How to Score a New Home in a Seller's Market

Who knew that the residential real estate market would gain yardage during a raging pandemic? Home sales are up, and according to different industry surveys, home ownership is the goal line for lots of individuals and families. And it’s not the typical leaving the ridiculously expensive Oakland-San Francisco housing market for the no-sales-tax and bustling job market of Las Vegas/Henderson, new home of Raider Nation. (And knowing Raider fans like I do, proximity to Allegiant Stadium just might have been thee motivator.)

Being stuck at home all day, every day — working there, schooling the kiddos there, exercising there, eating there, relaxing there, keeping the marriage glued together amid dozens of half-finished home improvement projects there — gave many people the opportunity to figure out that maybe their living sitch wasn’t cutting it. And there’s no time like a viral epidemic time to prioritize.

Who is Winning? Buyers or Sellers?

Today’s COVID-19 market is what would be termed “a seller’s market,” meaning that there are a heckuva lot more buyers than sellers, who typically get the home filed advantage in these transactions. So, home buyers need to huddle up and strategize a very strong offense. Time to review the game plan. It could be a grudge match out there.  

According to Fortune magazine, “New home sales jumped 43% in August compared with a year ago. In many markets, the sales were driven by demand for suburban properties by millennial and first-time buyers as work-from-home policies became the standard across many industries.”

Even with mortgage rates remaining low and millennials ready to purchase their first homes, the robust market won’t last. (Does it ever?). Because, you know what, mortgage lenders have tightened their purse strings. Compounding that is a scarce inventory driving up prices.

How to Beat the Odds

Home buyers can expect mortgage lenders to be a lot stingier and demanding with loan applications. And that’s for all loans, not only the conventional ones. Want the lowest interest rate available? Then make sure of the following:

·      Ditch the debt. Pay down the credit card balances and don’t apply for new credit (other than the mortgage). Best to have your debt-to-income ratio less than 30%, meaning that 30% or less of your monthly income goes to debt payments. In 2020, the average debt-to-income ratio hovered at 35%.

·      20% or higher down payment. The 20% minimum isn’t a legal-FDIC-type-of-requirement. But look at your loan application like an online dating profile — which are you going to swipe past? The one with under 20%, at 20%, or more than 20%?

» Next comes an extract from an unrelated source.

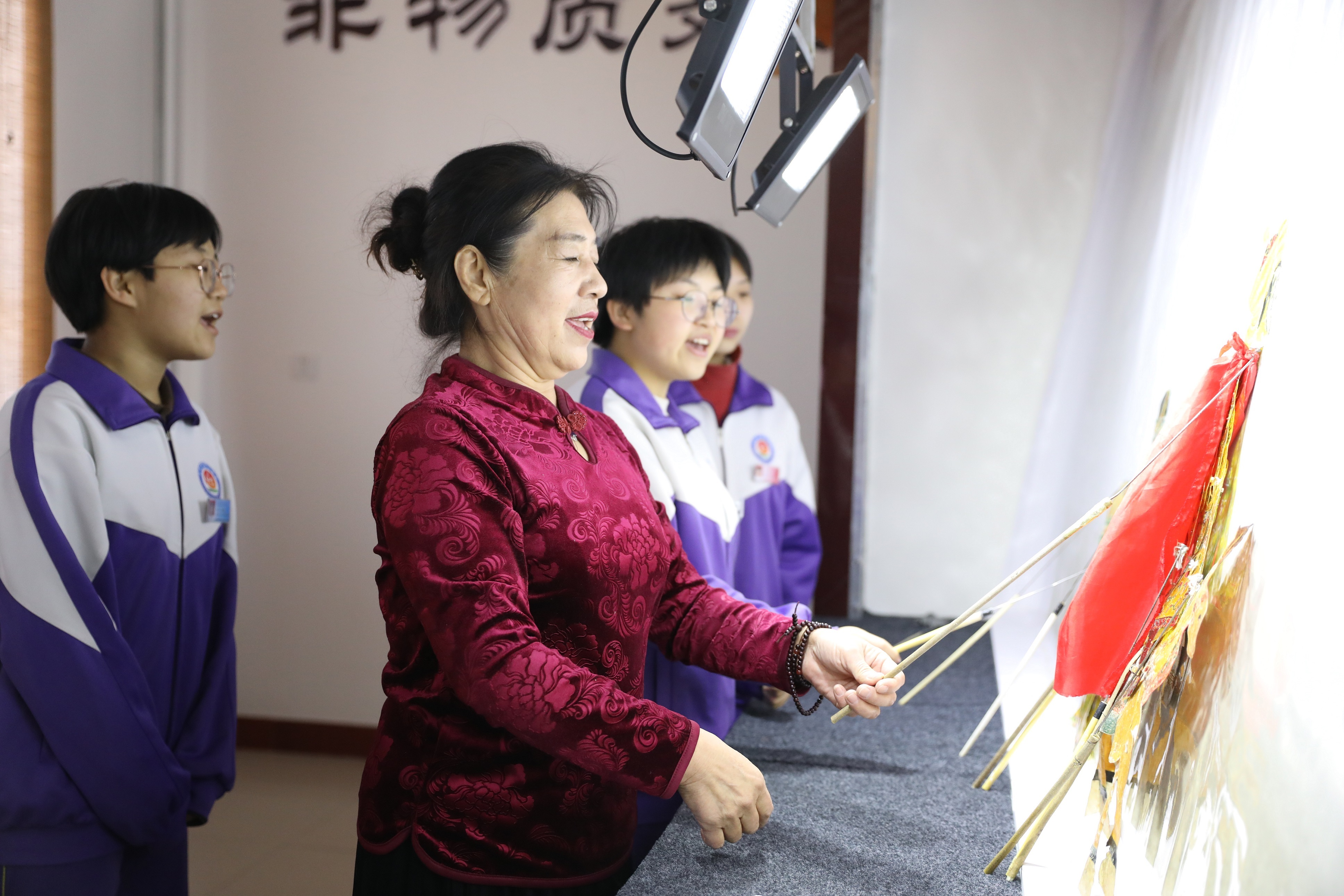 “四下观瞧景色美,无限风光在马盂山……”近日,在河北省平泉市第二中学,孩子们正在平泉皮影第三代传承人项艳华的带领下学习皮影戏表演,体验非遗文化的艺术魅力。

·      750 minimum credit score. Higher is better. Need to raise the score? Then keep on keeping on with timely payments, paying down the debt, and not applying for new credit. But you knew all that stuff, didn’t you?

Marching Down the Field

Time to turn off HGTV and get realistic about your new home wish list. Remember, inventory is scarce, and if you’re like most of us, I’m guessing your budget is too. You’ll gain more yardage by narrowing your wish list of must-haves. Rethink the open floor plans, she-sheds, man caves, entertainer’s kitchen, and panoramic views. Focus on your main reason for moving. (If being closer to Allegiant Stadium is your primary motivator, go ahead and keep the open floor plans, she-sheds, etc. Nevada is a unique market.) Also, perhaps now you are able to work remotely, thanks to COVID. That opens the location possibilities, ergo inventory of homes, as length of commute is less of a consideration.

Crossing the Goal Line

You got your financing and found the right home. How do you score with the right offer? The most sure-fire way to beat the competition is to offer more than the listing price and not play hardball with asking for repairs or concessions. I would advise against a Hail Mary Pass type of offer such as a Buyer Love Letter, which depends on emotionally appealing to the seller with heartstring pulls.

Making it simple for the seller is key to the offer. That means an attractive price, proof of financing in the form of a pre-approval letter, not asking for contingencies, and going along with closing dates and escrow lengths. Remember, in a seller’s market, there are many buyers in line waiting to make an offer.

Who knew that the residential real estate market would gain yardage during a raging pandemic? No one, that’s who. And no one can predict what the future will bring, though clues and indicators will let us guess. What we do know is that in today’s market home sales are up, interest rates are low, and inventory is scarce.